Remote work makes Indian workers feel lonely, stressed: LinkedIn
Two in five professionals in India are experiencing increased stress or anxiety due to the pandemic while one in three professionals believe remote working is slowing career progression
Two in five professionals in India are experiencing increased stress or anxiety due to the pandemic while one in three professionals believe remote working is slowing career progression, making them feel more lonely and harming work-life balance, a new LinkedIn survey revealed on Thursday.
The findings showed that only one in four (23 percent) professionals in the country were being offered emotional well-being initiatives and flexible work hours by their employers in the early months of the lockdown.
"The ongoing stress around the 3 Rs -- remote work, return to work, and risk of exposure -- are adversely impacting the mental health of Indian professionals.
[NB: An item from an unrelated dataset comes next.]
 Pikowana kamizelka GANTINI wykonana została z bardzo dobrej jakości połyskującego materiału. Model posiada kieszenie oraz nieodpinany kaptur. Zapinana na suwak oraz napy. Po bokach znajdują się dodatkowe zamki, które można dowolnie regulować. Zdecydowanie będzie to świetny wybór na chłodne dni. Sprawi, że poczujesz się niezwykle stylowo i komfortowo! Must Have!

Companies in India are beginning to bolster their mental health programmes to support their employees in such times," said Ashutosh Gupta, India Country Manager, Linkedin.
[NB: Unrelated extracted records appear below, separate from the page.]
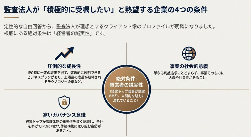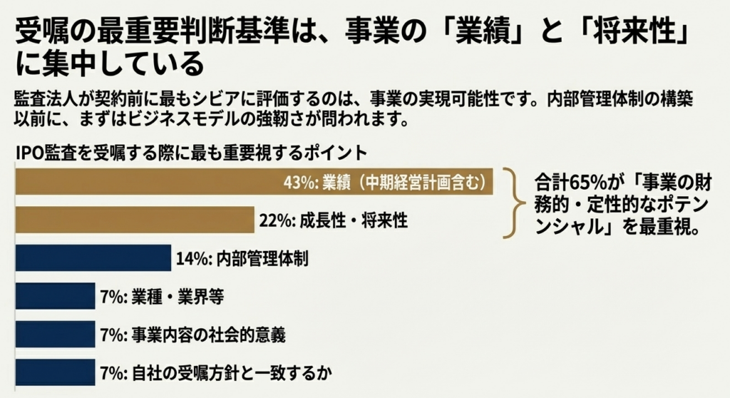 監査法人は単に数字をチェックするだけでなく、経営者の誠実性やガバナンス意識、そして将来の成長ストーリーを厳格に評価します。実際、監査法人への調査(ソース資料Ⅳ)では、受嘱時に「業績(43%)」のみならず、「成長性・将来性(22%)」や「経営者の誠実性」を極めて重視しているという結果が出ています。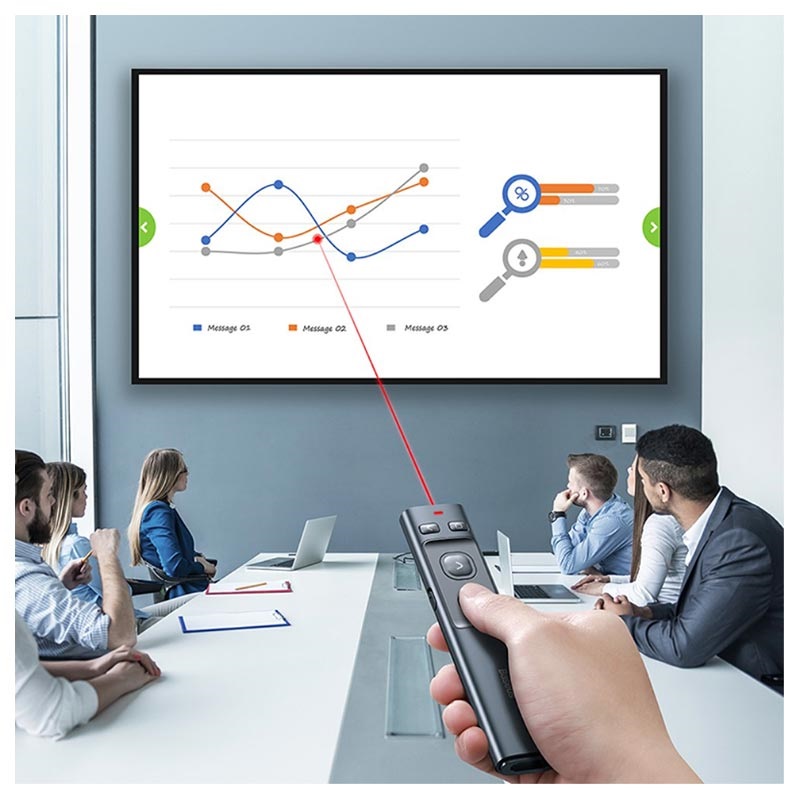 Langattomassa Baseus Orange Dot -esittäjässä on sisäänrakennettu laserosoitin ja painikkeet, jotta voit hallita esitystäsi helposti. Suunniteltu 100 metrin etäisyydellä, se sopii mainiosti suuriin kohteisiin. Langaton Baseus Orange Dot -esittäjä on erinomainen valinta opettajille, professoreille ja kokouksen esittelijöille.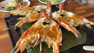이곳의 최고 메뉴는 대왕새우 구이!

The economic repercussions of the ongoing pandemic have made Indian professionals vulnerable to job uncertainty, financial instability, and bleak company outlook, while continuing to work remotely in social isolation.
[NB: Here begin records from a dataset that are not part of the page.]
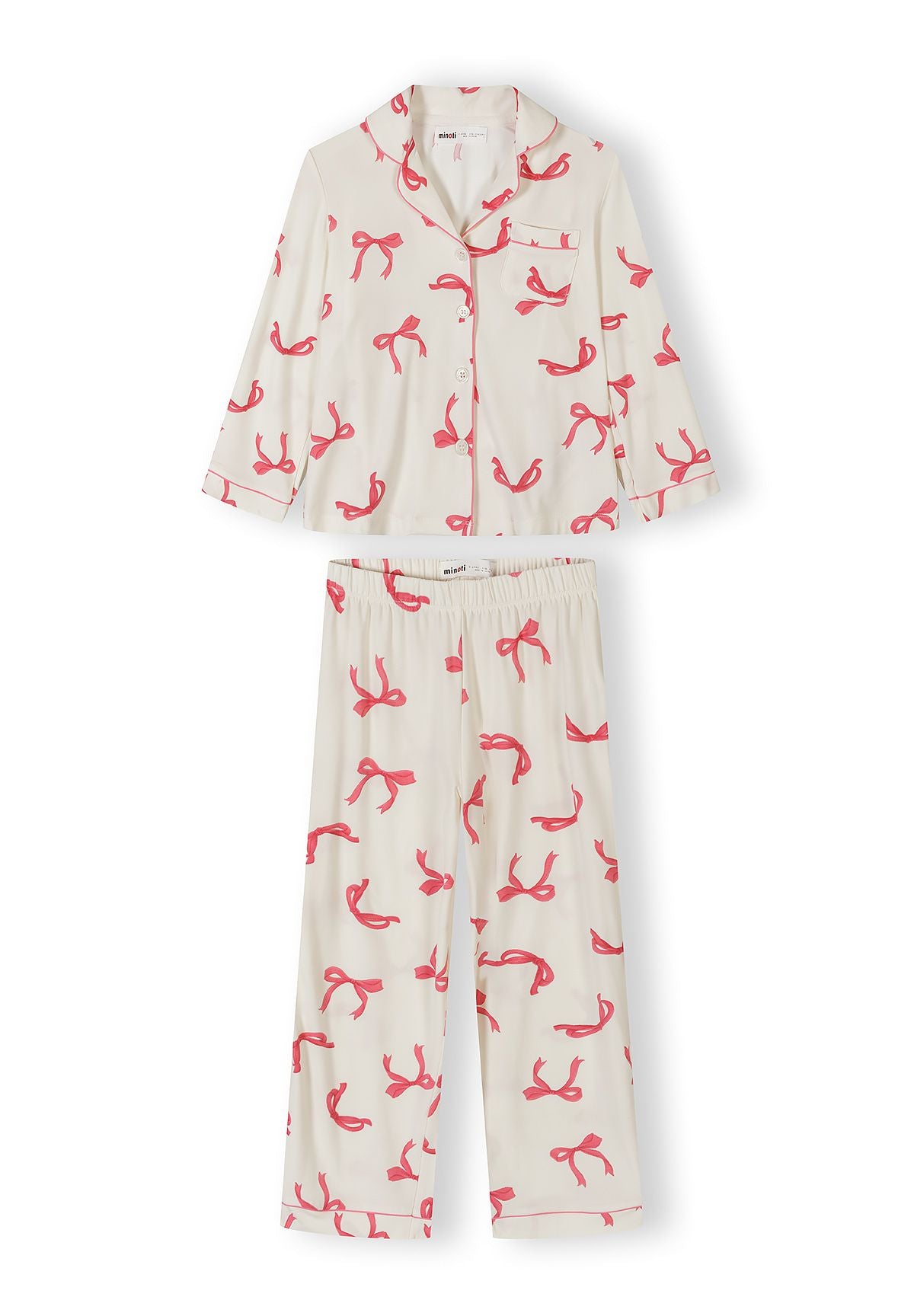 Mädchen Schlafanzug-Set mit langem Arm, weiß mit Schleifendruck, Alter 3 bis 15 Jahre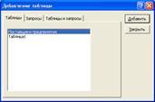 Рисунок 10. Диалоговое окно Добавление таблицы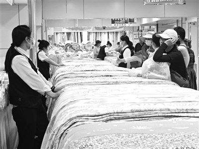 连日来,京城持续高温。记者昨天在新街口百货看到,前来选购竹纤维凉席、亚麻凉席的顾客络绎不绝。柜台上,各色花样的竹凉席依次排开,“每天这里都排大队,一天能卖出100多床,有不少都是老顾客。”一位工作人员告诉记者。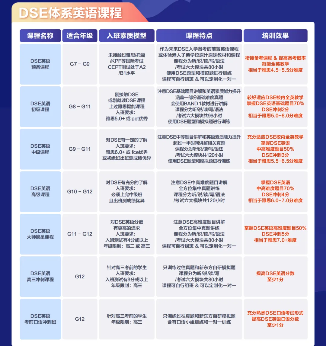 所以不管是想让孩子去香港插班、备考港人子弟学校、应对港人子弟学校分班考,还是普高之后学习DSE课程,DSE英语都是必须要提前规划学习的!

The fortnightly LinkedIn 'Workforce Confidence Index' highlighted the need for stronger employer support in these times of distress.
The findings reflect that 51 percent of the Indian workforce is working remotely due to Covid-19, and continues to question the effectiveness of remote work as professionals experience increased stress and anxiety.
"While 60 percent of Indian professionals had felt lonely at some point while working remotely, 37 percent still feel lonely doing it now".
The findings also showed that only one in five (21 percent) professionals were getting more time off through paid or unpaid leaves, while 42 percent think their companies will not continue to do so after the pandemic.
"Today, as industries attempt to bounce back, close to 40 percent of Indian professionals continue to experience financial instability, signalling towards high levels of financial stress and uncertainty prevalent among India's workforce," the survey pointed out.
The pandemic has taken a toll on working parents, especially working mothers, as findings show that around one in three working mothers in India are currently providing childcare full time (28 percent), and working outside their business hours to provide childcare (33 percent).
As India begins to return to work, 50 percent of professionals still express concerns about the risk of exposure to those who don't take safety precautions seriously.
"More than one in three professionals are also worried about workplace sanitation, exposure to large groups of people in meetings or in public and uncertain workplace safety guidelines," revealed the survey based on the online responses of 16,199 professionals in the country over the past six months.